No. Harvey has so far shown that given the unloaded vehicle and vehicle +
load he could tell which is which (duh, ls -l will tell the difference).
We haven't started yet.

> This is incorrect. A recent incident proved this. A government
> official published a message in one of their "unbreakable" codes, and
> challenged the hacker community to break it. Someone did only a few
> weeks later.

I presume you're talking about the recently broken NSA's Dual Counter Mode
( http://www.counterpane.com/crypto-gram-0109.html#2 ). It was not broken
by brute force but because it was a weak cipher. In fact due to it evident
weakness it raised speculations about NSAs motives and capabilities. If a
new cipher repeatedly resists cryptoanalytic attacks by the cryptographer
community that cipher is flagged as strong. Bruteforcing a strong
*current* cipher is impractical. So is cryptoanalysis, by definition. With
considerable effort old ciphers (e.g. DES but not triple-DES) can be
brute-forced.
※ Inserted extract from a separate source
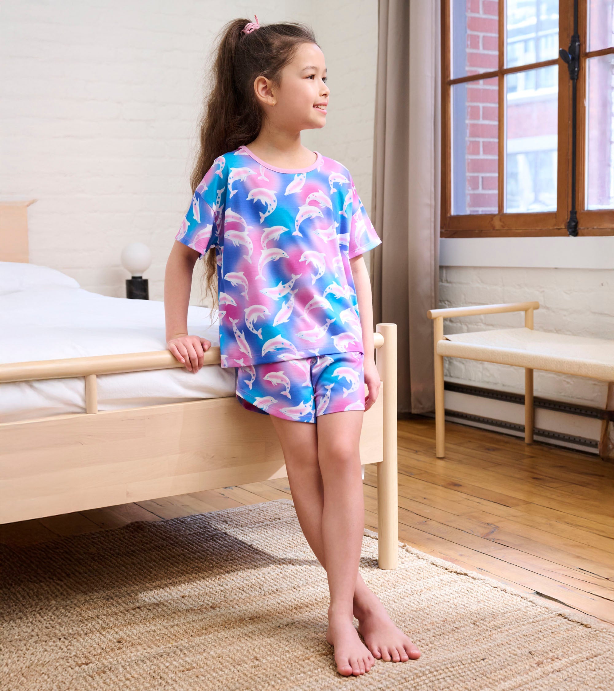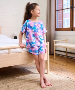 Let her dream of the ocean with the Girls Airbrush Dolphins Tee and Shorts Pajama Set! This comfy polyester set includes a short-sleeve tee with a serene dolphin print and matching shorts. Lightweight and breathable, it’s perfect for warm nights or laid-back lounging.

Which is why I specifically set the expiration window to a
decade and specifically mentioned a *current* *strong* cipher.

> Turns out, that by using java technology (similar to what SETI is doing) one
> hacker allowed millions of people to connect to his web site and lend him
> their computing power. In this way, a mere individual with just a PC was

SETI@home clients are not Java. Current production-quality JIT compilers
don't produce Java code which is suitable for numerics, such as crypto
brute-forcing. Distributed embarrassingly parallel computation is not
limited to a specific computer environment.

> able to harness the computing power of millions of PC's for a few weeks, and
> did a brute-force crack of one of a PGP type code.

PGP uses a number of ciphers. Particularly, GNUpg uses several classes of
symmetric ciphers, public-key ciphers, and one-way hashing functions.
Which of them do you mean, specifically? IDEA, CAST5, Blowfish, Twofish,
AES (Rijndael), 3DES? MD5, SHA1, RIPEMD160, SHA2?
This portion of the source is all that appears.